The Act also explicitly excludes certain types of agreements from its scope entirely:

  • Confidentiality and non-disclosure agreements
  • Invention assignment agreements
  • Agreements made in connection with the sale of a business
  • Garden leave clauses — agreements where an employee stays on payroll during a notice period before leaving

Non-Solicitation Agreements: A Related but Different Animal

It is worth distinguishing between non-compete agreements and non-solicitation agreements, because Illinois law treats them differently.

A non-solicitation agreement typically restricts you from:

  • Contacting or doing business with your former employer’s clients
  • Recruiting your former coworkers to join your new employer

These are generally viewed as less burdensome than full non-competes, which is why the salary threshold is lower ($45,000 vs. $75,000). Non-solicitation agreements are still subject to the same requirements around consideration, review time, and reasonable scope — they just apply to a slightly broader range of employees.

What About the FTC’s Attempted National Non-Compete Ban?

In April 2024, the Federal Trade Commission (FTC) issued a sweeping rule that would have banned nearly all non-compete agreements nationwide. The rule was set to take effect in September 2024. However, a federal court in Texas blocked the rule in August 2024, holding that the FTC had exceeded its statutory authority.

As of 2026, the FTC’s nationwide ban is not in effect. The FTC formally withdrew its appeals, and the rule is effectively dead. This means that Illinois state law continues to govern non-compete enforceability for workers in the state.

That said, the FTC has made clear it will continue to challenge non-compete agreements under its general authority to regulate unfair methods of competition. So while there is no blanket federal ban, overly broad or abusive agreements could still attract federal scrutiny.

What Could Change: House Bill 3213 and a Potential Full Ban

The most significant pending development is House Bill 3213, introduced in the Illinois legislature in March 2026. If passed, this bill would:

  • Completely ban all non-compete and non-solicitation agreements entered into on or after January 1, 2026
  • Render existing agreements void and unenforceable going forward
  • Apply regardless of where the agreement was signed or enforced

This would be one of the most aggressive non-compete reforms in the country. As of mid-2026, the bill has not been signed into law, but its introduction signals where Illinois policymakers are leaning. Employers relying on non-competes should be watching this closely.

For current and up-to-date information on Illinois employment law, you can refer to the Illinois General Assembly’s official legislation portal and the Illinois Freedom to Work Act text (820 ILCS 90).

Practical Advice for Employees

If you have signed a non-compete or are being asked to sign one, here is what you should actually do:

  • Check your salary. If you earn less than $75,000/year, any non-compete your employer asks you to sign is likely unenforceable under Illinois law.
  • Review the timeline. If you signed the agreement less than two years ago and received no additional compensation or benefits at signing, challenge its enforceability.
  • Look at the scope. If the geographic restriction covers an unreasonably large area, or the duration is longer than two years, courts may narrow or void the restriction.
  • Get legal advice. The Act requires employers to advise you to consult an attorney — take that advice seriously, especially before starting a new job in the same industry.
  • Do not assume it is unenforceable. Even if you think the agreement has problems, taking a new job with a competitor before getting legal clarity can lead to an expensive lawsuit.

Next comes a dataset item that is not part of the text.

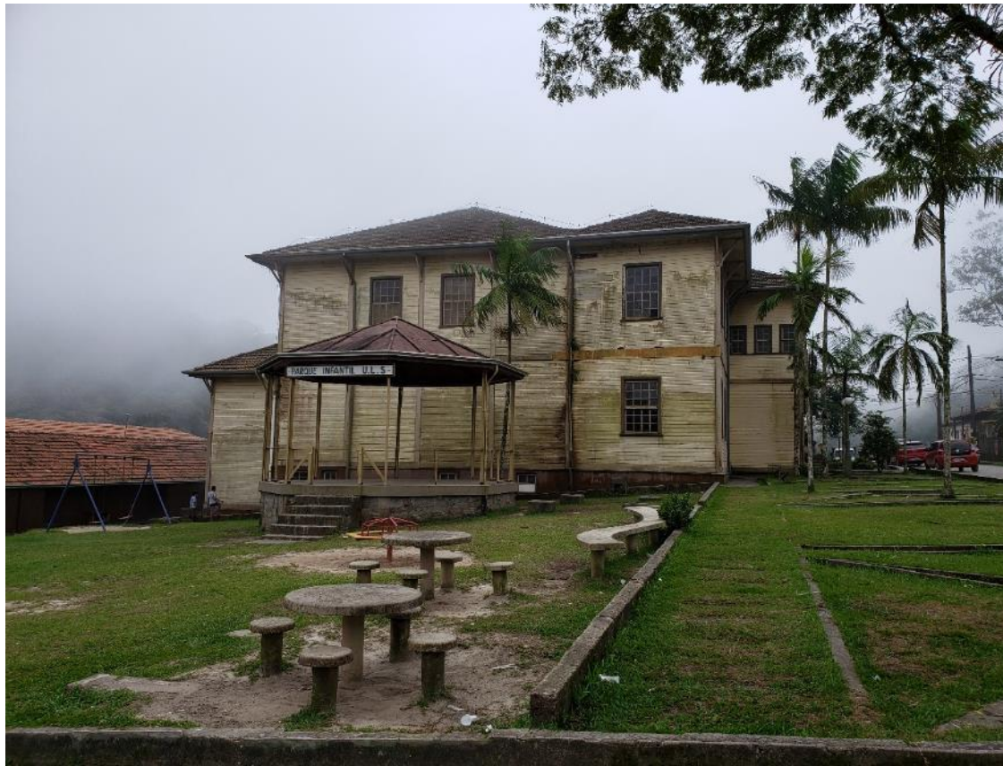
Figura 2 – Identificação do imóvel – Fachada Sul , local onde haverá o escoramento. Fonte: Suzana Kleeb – março de 2020

A Prefeitura de Santo André por meio da Secretaria de Meio Ambiente contratou a Formarte Projeto e Produção e Assessoria para o serviço especializado de arquitetura e para elaboração dos projetos básicos de arquitetura, restauro e complementares do imóvel, por meio do contrato 157/20 PJ.

Practical Advice for Employers

If you rely on non-compete agreements to protect your business, the current legal environment requires careful attention:

  • Review your agreements for salary compliance. Any non-compete applied to an employee earning under $75,000 is invalid.
  • Ensure proper consideration. Either offer at least two years of continued employment or pair the agreement with a tangible benefit at signing — a bonus, promotion, or increased compensation.
  • Give the 14-day review period. Document it in writing and remind the employee to consult an attorney.
  • Keep restrictions narrow. Broad geographic or time restrictions are more likely to be challenged or reformed by courts.
  • Consider alternatives. A well-drafted confidentiality agreement or non-solicitation clause often protects your core interests — customer relationships and trade secrets — without the higher enforcement risk of a full non-compete.
  • Watch HB 3213. If Illinois bans non-competes entirely starting in 2026, you will need a different strategy.

Conclusion

Non-compete agreements in Illinois are enforceable — but only under a fairly demanding set of conditions. The Illinois Freedom to Work Act requires adequate consideration, a minimum salary threshold, a 14-day review period, and a substantively reasonable scope. Courts will not automatically uphold an agreement just because an employee signed it. With House Bill 3213 potentially banning non-competes entirely starting in 2026, and the FTC’s national ban already struck down, the landscape is shifting fast. Whether you are an employee wondering if your agreement can hold you back or an employer trying to protect legitimate business interests, understanding these rules is not optional — it is essential. When in doubt, consult an employment attorney before making any moves.